The ideas are in the code comments.
Table of contents
1007 Maximum Subsequence Sum
Given a sequence of K integers
A continuous subsequence is defined to be
where 1≤i≤j≤K. The Maximum Subsequence is the continuous subsequence which has the largest sum of its elements. For example, given sequence { -2, 11, -4, 13, -5, -2 }, its maximum subsequence is { 11, -4, 13 } with the largest sum being 20.
Now you are supposed to find the largest sum, together with the first and the last numbers of the maximum subsequence.
Input Specification:
Each input file contains one test case. Each case occupies two lines. The first line contains a positive integer K (≤10000). The second line contains K numbers, separated by a space.
Output Specification:
For each test case, output in one line the largest sum, together with the first and the last numbers of the maximum subsequence. The numbers must be separated by one space, but there must be no extra space at the end of a line. In case that the maximum subsequence is not unique, output the one with the smallest indices i and j (as shown by the sample case). If all the K numbers are negative, then its maximum sum is defined to be 0, and you are supposed to output the first and the last numbers of the whole sequence.
Sample Input:
10
-10 1 2 3 4 -5 -23 3 7 -21
Sample Output:
10 1 4
translate:
Find out in the second lineThe largest contiguous subsequence and, and the largest contiguous subsequence ofFirstandlast number.
If the largest subsequence is not unique, output the subsequence with the smallest indices i and j.

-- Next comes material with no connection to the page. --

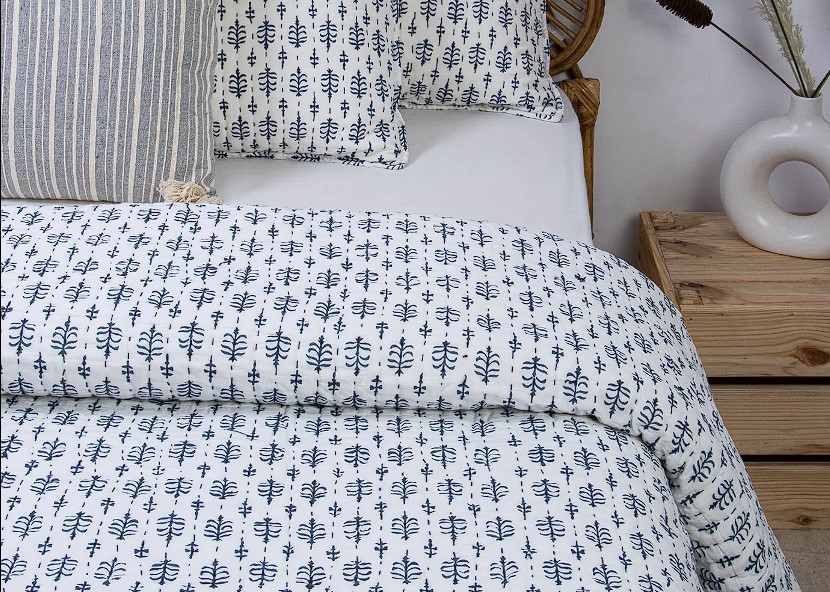 Blending traditional stitching with contemporary cotton fabrics, these quilts match global interior trends.
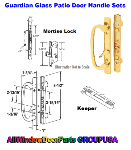 Polished Brass Patio Door Handle Set Replacement with the Off-Set Key Lock Latch - Semco Style, Sliding Glass Patio Door Style. Finish. Includes the Inside Patio Door Handle with the Offset Latch Assembly (SEE DIAGRAM) with Exterior Clam Style Loop Handle. This Unit Includes The Keyway Lock Assembly and Mortise Lock.

If all numbers are negative, then its maximum sum is defined as 0, and you should output the first and last number of the entire sequence.
code:
The ideas are in the code comments.
#include <iostream>
#include <vector>
using namespace std;
int main()
{
int k;
cin>>k;
vector<int> a(k);
//首尾元素的下标
int left=0,right = k-1;
//sum是临时加和,maxsum是最终的加和,tempindex是left的临时下标
int sum=0, maxsum=-1, tempindex = 0;
for(int i = 0;i < k; i++){
//输入数据
cin>>a[i];
sum = sum + a[i];
//当sum小于0,再加其他数字都还是会拉低数值,所以直接舍弃
if(sum < 0){
sum = 0;
tempindex = i + 1;
}
//只有当sum大于0且大于maxsum(等于maxsum,取前者)的情况,maxsum才更新,
else if(sum > maxsum){
maxsum = sum;
left = tempindex;
right = i;
}
}
if(maxsum < 0) maxsum = 0;
cout << maxsum << " " << a[left] << " " << a[right];
return 0;
}
1008 Elevator
The highest building in our city has only one elevator. A request list is made up with N positive numbers. The numbers denote at which floors the elevator will stop, in specified order. It costs 6 seconds to move the elevator up one floor, and 4 seconds to move down one floor. The elevator will stay for 5 seconds at each stop.
For a given request list, you are to compute the total time spent to fulfill the requests on the list. The elevator is on the 0th floor at the beginning and does not have to return to the ground floor when the requests are fulfilled.
Input Specification:
Each input file contains one test case. Each case contains a positive integer N, followed by N positive numbers. All the numbers in the input are less than 100.
Output Specification:
For each test case, print the total time on a single line.
Sample Input:
3 2 3 1
Sample Output:
41
translate:
The tallest building in our city has only one elevator. The request list consists of N positive numbers. These numbers indicate which floors the elevator will stop at, in a specific order. It takes 6 seconds for the elevator to go up one floor and 4 seconds for the next floor. The elevator stops for 5 seconds at each stop.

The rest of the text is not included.